### [ACTION ITEM]
Print exactly the lines below between the line holding "写真は既存のキッチンを撤去したところです。" and the line holding "중요한 결정을 돕습니다.다.", inclusive, and nothing more.

Stored dataset items:
Start of Block
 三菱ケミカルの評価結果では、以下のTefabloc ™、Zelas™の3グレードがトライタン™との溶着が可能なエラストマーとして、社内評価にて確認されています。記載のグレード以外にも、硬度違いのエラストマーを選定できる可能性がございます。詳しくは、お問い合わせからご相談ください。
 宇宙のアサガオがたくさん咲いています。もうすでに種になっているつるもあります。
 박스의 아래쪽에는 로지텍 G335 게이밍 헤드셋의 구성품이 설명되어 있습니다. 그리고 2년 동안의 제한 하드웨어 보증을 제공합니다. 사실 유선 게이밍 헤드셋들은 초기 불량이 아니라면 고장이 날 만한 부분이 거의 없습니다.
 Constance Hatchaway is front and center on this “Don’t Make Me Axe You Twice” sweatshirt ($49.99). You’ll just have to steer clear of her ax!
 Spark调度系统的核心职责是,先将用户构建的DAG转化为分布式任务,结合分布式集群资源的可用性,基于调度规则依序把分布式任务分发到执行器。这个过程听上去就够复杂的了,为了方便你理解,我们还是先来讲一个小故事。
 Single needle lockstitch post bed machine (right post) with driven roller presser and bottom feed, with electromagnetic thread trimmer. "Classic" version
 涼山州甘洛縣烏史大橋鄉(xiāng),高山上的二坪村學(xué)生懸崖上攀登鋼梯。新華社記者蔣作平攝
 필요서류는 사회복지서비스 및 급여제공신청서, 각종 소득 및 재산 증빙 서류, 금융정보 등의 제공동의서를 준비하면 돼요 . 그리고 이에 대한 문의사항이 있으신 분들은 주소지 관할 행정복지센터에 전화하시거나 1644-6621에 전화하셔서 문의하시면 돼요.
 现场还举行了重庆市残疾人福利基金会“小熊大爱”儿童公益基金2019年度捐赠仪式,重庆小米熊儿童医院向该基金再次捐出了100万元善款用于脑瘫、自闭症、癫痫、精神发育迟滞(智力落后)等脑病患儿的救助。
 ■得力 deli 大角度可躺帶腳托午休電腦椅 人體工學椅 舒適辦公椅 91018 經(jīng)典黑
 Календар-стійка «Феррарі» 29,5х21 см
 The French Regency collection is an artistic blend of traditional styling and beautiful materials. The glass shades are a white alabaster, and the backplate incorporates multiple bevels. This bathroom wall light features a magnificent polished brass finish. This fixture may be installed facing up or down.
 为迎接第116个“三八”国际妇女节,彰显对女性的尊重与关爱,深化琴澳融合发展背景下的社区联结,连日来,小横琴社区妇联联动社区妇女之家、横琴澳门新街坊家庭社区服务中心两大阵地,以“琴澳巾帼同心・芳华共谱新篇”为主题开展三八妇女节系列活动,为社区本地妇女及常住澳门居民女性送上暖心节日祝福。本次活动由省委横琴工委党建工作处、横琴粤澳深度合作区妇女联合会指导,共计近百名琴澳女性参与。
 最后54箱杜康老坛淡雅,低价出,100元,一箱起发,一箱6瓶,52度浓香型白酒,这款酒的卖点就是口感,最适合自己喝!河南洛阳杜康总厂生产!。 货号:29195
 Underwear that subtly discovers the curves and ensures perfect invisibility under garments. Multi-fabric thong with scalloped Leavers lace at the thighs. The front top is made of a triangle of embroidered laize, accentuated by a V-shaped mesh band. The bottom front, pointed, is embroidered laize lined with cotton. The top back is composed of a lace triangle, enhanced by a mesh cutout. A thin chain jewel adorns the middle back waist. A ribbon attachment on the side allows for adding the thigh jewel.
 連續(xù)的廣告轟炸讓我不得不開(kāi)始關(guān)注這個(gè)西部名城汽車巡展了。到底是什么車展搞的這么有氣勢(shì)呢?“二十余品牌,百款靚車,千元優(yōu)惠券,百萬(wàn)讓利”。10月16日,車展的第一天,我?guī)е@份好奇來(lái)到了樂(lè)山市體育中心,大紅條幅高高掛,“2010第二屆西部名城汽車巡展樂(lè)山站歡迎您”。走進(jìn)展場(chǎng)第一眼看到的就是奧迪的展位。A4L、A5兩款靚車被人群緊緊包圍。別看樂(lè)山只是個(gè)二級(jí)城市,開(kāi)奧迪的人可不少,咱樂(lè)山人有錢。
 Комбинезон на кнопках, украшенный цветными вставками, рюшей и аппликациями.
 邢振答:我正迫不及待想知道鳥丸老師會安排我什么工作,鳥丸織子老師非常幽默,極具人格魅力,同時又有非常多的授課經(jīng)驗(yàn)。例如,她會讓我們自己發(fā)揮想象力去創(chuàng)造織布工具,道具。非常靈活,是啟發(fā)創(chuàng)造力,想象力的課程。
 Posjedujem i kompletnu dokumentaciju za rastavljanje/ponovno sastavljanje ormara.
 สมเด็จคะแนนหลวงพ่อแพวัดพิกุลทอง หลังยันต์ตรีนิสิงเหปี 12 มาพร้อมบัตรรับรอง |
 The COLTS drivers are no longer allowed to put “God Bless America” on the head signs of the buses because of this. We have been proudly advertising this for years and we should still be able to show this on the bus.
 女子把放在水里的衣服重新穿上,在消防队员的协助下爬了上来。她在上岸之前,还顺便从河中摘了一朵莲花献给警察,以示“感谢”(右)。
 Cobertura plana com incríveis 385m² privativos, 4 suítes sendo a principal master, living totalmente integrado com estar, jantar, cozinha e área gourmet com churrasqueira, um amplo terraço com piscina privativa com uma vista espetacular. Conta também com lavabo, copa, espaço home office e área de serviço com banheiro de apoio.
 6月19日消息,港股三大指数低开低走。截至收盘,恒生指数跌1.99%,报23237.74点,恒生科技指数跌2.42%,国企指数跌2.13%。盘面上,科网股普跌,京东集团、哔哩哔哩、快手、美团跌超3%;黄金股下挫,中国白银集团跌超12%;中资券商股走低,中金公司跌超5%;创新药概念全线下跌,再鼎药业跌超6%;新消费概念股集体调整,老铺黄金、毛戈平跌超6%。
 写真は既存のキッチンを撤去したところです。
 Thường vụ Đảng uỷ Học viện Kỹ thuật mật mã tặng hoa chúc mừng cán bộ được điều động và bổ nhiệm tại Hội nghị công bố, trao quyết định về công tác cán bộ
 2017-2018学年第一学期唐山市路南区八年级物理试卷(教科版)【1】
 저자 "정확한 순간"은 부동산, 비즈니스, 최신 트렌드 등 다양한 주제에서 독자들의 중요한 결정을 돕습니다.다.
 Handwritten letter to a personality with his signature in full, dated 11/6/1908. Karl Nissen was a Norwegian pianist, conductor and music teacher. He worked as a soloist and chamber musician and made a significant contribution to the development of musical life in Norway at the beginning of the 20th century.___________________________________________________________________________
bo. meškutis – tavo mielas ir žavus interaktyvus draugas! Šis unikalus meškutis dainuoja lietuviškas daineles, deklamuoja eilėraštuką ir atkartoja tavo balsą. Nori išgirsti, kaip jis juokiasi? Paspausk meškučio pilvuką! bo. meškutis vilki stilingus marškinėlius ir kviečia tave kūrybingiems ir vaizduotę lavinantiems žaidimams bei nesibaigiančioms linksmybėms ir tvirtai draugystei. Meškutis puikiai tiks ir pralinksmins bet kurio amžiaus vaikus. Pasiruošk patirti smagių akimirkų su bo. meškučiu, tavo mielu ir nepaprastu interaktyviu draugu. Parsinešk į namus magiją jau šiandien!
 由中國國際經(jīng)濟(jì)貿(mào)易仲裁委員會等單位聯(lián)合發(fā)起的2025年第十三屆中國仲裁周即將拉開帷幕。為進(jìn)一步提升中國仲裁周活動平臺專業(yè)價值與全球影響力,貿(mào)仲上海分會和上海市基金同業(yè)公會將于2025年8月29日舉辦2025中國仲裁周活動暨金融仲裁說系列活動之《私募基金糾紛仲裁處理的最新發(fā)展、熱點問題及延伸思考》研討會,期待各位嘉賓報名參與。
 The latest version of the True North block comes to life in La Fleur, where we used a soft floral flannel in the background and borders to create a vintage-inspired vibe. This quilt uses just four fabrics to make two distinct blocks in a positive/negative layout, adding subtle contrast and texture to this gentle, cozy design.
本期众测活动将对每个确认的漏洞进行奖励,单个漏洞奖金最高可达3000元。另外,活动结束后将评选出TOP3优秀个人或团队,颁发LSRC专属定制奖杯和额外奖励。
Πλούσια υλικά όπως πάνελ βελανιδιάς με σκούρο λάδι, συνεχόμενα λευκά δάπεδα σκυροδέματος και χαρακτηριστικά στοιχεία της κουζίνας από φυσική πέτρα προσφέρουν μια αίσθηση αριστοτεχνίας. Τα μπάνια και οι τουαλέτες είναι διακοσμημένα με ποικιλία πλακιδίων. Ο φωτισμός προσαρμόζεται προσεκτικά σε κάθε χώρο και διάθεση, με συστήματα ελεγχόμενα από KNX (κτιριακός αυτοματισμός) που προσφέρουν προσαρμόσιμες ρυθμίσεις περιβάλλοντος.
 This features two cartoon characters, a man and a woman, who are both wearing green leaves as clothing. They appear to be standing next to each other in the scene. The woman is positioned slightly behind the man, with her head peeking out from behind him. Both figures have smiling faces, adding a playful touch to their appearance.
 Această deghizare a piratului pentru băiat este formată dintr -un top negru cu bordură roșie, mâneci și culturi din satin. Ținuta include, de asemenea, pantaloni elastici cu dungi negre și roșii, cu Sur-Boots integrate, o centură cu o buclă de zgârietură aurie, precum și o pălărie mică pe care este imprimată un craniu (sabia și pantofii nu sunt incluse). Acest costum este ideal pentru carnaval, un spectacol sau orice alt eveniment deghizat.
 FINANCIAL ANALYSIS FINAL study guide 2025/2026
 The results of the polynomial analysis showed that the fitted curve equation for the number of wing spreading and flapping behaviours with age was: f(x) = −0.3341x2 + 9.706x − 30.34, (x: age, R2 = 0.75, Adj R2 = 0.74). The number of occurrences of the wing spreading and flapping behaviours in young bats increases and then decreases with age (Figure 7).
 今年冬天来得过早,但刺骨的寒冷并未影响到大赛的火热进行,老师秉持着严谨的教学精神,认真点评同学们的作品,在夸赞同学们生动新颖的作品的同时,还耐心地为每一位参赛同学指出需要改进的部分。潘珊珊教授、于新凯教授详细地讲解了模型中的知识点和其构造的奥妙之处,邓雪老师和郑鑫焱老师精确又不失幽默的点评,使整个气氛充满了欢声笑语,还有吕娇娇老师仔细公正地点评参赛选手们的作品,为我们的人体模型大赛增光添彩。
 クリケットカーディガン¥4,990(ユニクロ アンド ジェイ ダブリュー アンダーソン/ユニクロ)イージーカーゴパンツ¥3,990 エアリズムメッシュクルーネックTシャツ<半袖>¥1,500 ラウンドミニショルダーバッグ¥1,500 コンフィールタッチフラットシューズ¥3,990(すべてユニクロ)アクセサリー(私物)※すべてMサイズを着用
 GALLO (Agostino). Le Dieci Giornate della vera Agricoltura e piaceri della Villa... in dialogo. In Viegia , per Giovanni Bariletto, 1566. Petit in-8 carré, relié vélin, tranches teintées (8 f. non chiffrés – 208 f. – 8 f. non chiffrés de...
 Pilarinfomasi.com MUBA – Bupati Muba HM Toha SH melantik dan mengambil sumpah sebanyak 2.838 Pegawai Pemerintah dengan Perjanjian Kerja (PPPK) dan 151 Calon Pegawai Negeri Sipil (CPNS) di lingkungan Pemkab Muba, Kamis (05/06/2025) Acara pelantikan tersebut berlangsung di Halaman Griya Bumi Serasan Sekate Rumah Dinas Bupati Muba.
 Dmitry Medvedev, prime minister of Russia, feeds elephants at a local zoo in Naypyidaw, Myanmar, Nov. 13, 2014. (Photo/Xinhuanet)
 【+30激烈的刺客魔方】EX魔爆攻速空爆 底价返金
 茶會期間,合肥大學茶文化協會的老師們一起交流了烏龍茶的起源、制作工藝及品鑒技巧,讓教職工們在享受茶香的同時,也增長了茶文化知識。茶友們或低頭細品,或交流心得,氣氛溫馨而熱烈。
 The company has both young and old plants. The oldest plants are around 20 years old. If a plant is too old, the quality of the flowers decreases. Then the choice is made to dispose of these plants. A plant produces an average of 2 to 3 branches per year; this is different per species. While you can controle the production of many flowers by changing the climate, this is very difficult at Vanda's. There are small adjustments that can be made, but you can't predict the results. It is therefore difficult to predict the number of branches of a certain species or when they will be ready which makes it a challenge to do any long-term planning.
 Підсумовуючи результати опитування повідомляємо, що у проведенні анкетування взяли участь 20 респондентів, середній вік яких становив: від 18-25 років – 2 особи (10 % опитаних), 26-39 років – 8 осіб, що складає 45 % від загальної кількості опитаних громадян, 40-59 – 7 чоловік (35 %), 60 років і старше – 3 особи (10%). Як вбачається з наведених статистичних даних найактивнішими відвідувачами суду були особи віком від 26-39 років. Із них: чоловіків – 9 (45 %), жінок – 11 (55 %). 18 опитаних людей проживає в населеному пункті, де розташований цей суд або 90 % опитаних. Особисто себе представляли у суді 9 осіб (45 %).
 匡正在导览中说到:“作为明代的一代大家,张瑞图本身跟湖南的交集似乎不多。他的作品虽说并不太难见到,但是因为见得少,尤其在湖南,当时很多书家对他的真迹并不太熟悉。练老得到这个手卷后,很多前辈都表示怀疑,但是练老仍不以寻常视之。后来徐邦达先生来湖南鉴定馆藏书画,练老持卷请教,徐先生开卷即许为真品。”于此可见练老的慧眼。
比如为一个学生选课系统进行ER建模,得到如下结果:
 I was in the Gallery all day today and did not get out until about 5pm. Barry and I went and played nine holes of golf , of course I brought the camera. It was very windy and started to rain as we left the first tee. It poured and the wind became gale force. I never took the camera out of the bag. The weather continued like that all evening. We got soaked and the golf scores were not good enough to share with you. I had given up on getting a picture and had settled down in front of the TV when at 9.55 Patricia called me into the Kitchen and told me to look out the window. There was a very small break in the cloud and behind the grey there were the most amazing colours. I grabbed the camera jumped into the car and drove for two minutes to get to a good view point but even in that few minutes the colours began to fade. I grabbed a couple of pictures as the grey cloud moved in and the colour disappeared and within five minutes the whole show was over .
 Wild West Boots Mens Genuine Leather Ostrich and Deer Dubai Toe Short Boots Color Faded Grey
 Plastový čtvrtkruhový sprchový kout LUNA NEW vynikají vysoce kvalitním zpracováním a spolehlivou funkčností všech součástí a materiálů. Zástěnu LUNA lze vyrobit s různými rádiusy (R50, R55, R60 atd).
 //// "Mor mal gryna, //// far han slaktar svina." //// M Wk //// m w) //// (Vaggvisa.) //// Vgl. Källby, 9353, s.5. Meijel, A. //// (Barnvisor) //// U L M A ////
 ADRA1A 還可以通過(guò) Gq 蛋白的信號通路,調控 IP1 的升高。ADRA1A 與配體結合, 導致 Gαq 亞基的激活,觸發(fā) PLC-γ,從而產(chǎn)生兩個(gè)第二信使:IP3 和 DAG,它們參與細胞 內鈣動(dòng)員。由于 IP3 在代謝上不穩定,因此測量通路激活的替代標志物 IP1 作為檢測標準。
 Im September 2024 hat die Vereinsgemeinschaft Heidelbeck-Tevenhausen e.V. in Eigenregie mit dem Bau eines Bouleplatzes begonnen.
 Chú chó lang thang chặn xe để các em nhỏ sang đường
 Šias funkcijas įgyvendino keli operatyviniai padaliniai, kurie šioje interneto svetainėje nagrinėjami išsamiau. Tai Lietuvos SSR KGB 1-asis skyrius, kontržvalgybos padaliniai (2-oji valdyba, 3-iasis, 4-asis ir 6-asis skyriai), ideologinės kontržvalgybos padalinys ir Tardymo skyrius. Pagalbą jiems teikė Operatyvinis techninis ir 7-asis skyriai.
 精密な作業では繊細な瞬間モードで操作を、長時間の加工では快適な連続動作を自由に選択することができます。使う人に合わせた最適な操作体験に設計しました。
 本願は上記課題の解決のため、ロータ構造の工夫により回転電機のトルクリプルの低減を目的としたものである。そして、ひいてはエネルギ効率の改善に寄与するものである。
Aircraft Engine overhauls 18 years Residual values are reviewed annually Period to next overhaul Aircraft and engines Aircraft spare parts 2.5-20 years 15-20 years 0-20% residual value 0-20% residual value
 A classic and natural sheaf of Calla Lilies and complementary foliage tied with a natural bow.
End of Block
### [SOLUTION FOR THIS EXERCISE]
 写真は既存のキッチンを撤去したところです。
 Thường vụ Đảng uỷ Học viện Kỹ thuật mật mã tặng hoa chúc mừng cán bộ được điều động và bổ nhiệm tại Hội nghị công bố, trao quyết định về công tác cán bộ
 2017-2018学年第一学期唐山市路南区八年级物理试卷(教科版)【1】
 저자 "정확한 순간"은 부동산, 비즈니스, 최신 트렌드 등 다양한 주제에서 독자들의 중요한 결정을 돕습니다.다.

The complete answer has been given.